Make an exact copy of all the data, pictures excluded.

» **Recorded information**

++++++++++

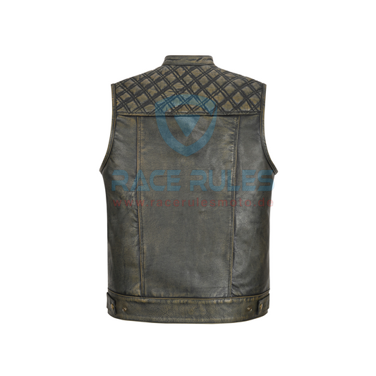 Men’s Distressed Olive Black Leather Motorcycle Vest – Quilted Shoulders & Chronic Shade Finish
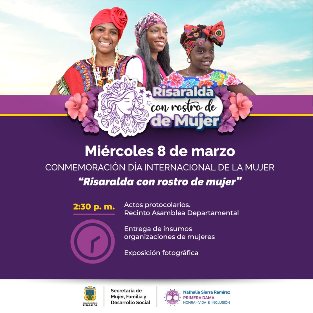 La Gobernación de Risaralda ha preparado una serie de actividades para conmemorar el Día Internacional de la Mujer bajo el lema «Risaralda con Rostro de Mujer». Entre las acciones que se llevarán a cabo en el mes de marzo se encuentra la entrega de insumos a emprendedoras, una feria artesanal, cultural y musical, una exposición fotográfica, la implementación de un protocolo de atención a funcionarias víctimas de violencia y la presencia en el Megabús.
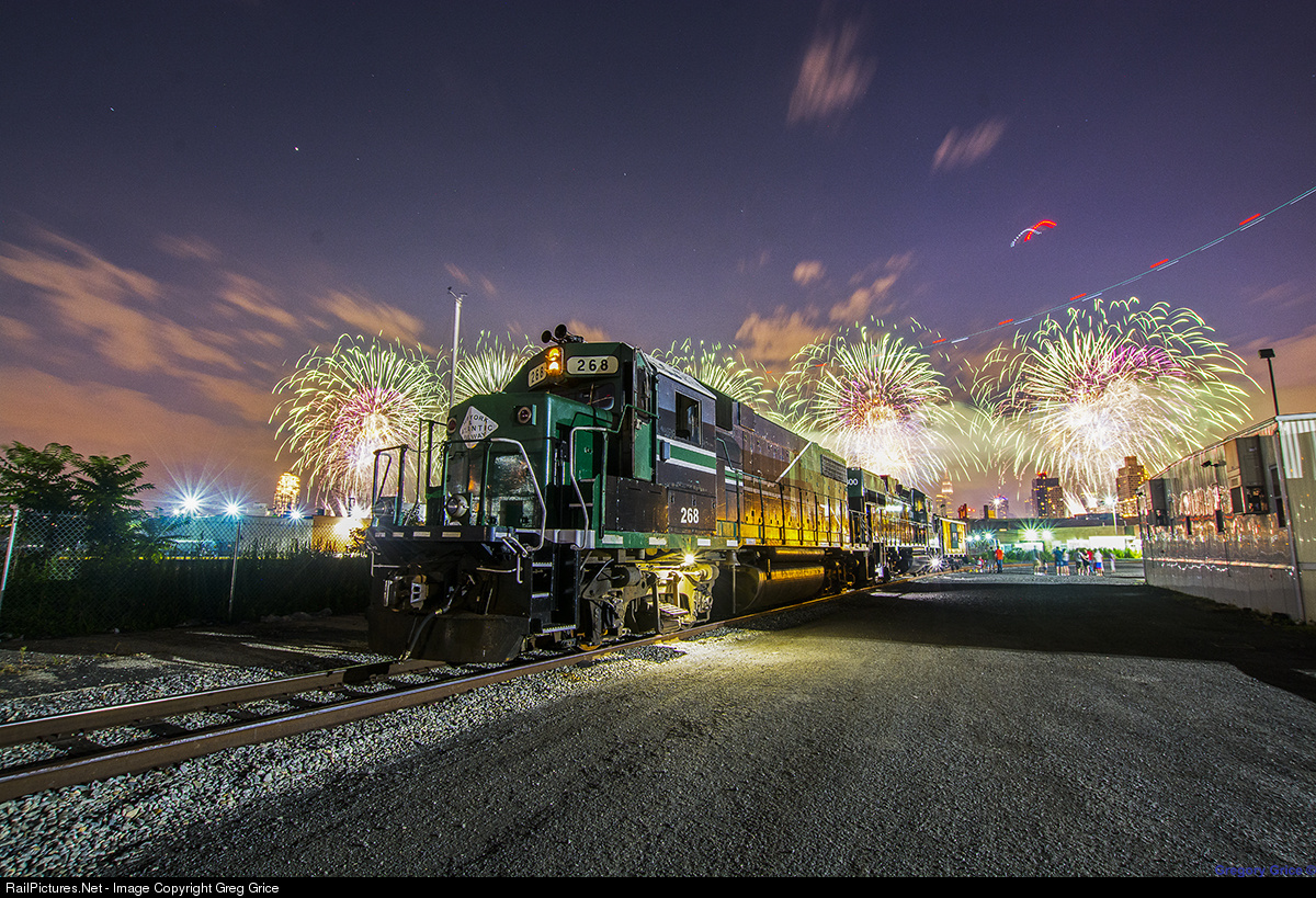 "NYAR & Fireworks at Long Island City" On the night of July 4th, New York & Atlantic Employees came together to run a special train down to Long Island City to view the Macy's 4th of July Fireworks Show with their families. The train consisted of 2 engines & their caboose, NYAR 52.

++++++++++

» **Task output**
 Men’s Distressed Olive Black Leather Motorcycle Vest – Quilted Shoulders & Chronic Shade Finish
 La Gobernación de Risaralda ha preparado una serie de actividades para conmemorar el Día Internacional de la Mujer bajo el lema «Risaralda con Rostro de Mujer». Entre las acciones que se llevarán a cabo en el mes de marzo se encuentra la entrega de insumos a emprendedoras, una feria artesanal, cultural y musical, una exposición fotográfica, la implementación de un protocolo de atención a funcionarias víctimas de violencia y la presencia en el Megabús.
 "NYAR & Fireworks at Long Island City" On the night of July 4th, New York & Atlantic Employees came together to run a special train down to Long Island City to view the Macy's 4th of July Fireworks Show with their families. The train consisted of 2 engines & their caboose, NYAR 52.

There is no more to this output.